Measure to Fund Highway Trust Defers Contributions to Pension Plans
Before adjourning for summer break Congress passed a bill to keep the Highway Trust Fund flowing to states through next May. President Obama signed the $10.8 billion measure which provides a large percentage of the money needed to sustain and expand our roads. The fund was set to run out of money at the end of August. Though the passage of the bill did prevent the loss of thousands of jobs, the funding of the bill will adversely affect some workers and their ability to accrue pension savings.
Recognizing that financial support for the Highway Trust Fund could not come only from current federal gas taxes, which are two decades old, Congress decided to allow companies to defer required contributions to certain defined benefit pension plans.

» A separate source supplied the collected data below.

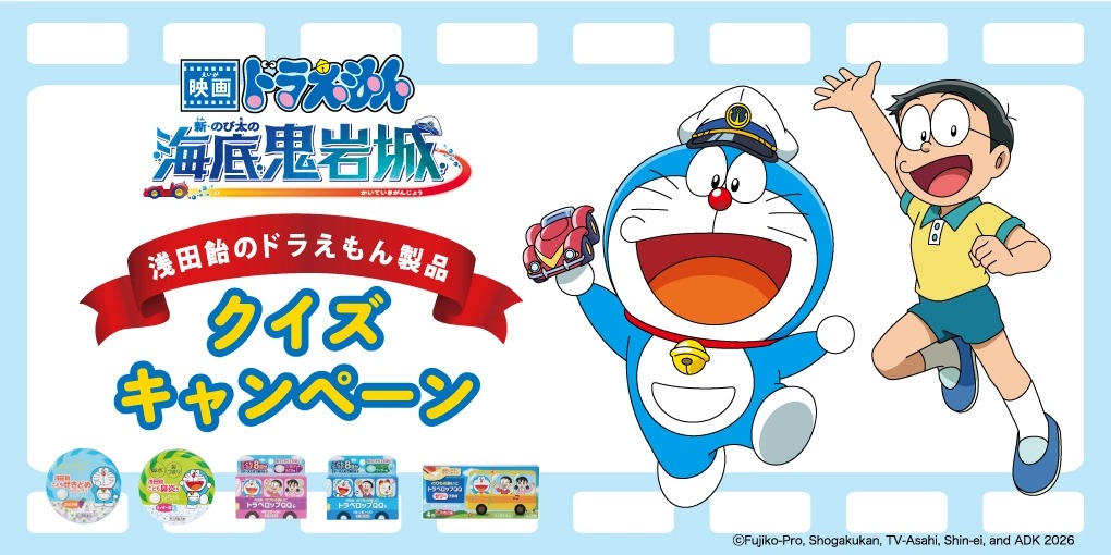 浅田飴のドラえもんシリーズに関するクイズに答えて『映画ドラえもん 新・のび太の海底鬼岩城』映画観賞券(ムビチケ)などをプレゼント!
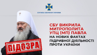 СБУ викрила митрополита УПЦ (МП) Павла на нових фактах підривної діяльності проти України
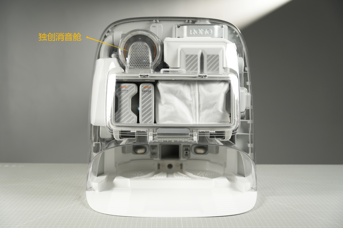 大疆ROMO P扫地机器人延续了大疆一贯的极简主义与实用哲学,灰白配色简洁大方,全透明的机身设计更是新颖大胆,内部结构清晰可见,为家居空间增添一抹科技美感。基站正面,可以清晰看到内部集成的电控系统、独创消音舱、两个清洁液仓和尘袋等核心组件。

Their reasoning was that letting corporations make smaller pension contributions now will subsequently lead to an increase in corporate profits and tax revenues from those profits which will theoretically cover the cost of the payment to the Highway Trust Fund.
While Congress was trying to avoid negatively impacting workers, some critics claim Congress overlooked a bigger issue, that of encouraging companies to defer pension plan contributions, which could have an adverse effect on some employees. And since pension plan contributions will be deferred they will have to be made later — thus decreasing future corporate profits and tax revenue.
As President Obama pointed out when signing this measure, it is only temporary and not intended as a long-term solution. Congress should be expected to find ways to cover the costs of the Highway Trust Fund in the future without impacting worker’s pension plans.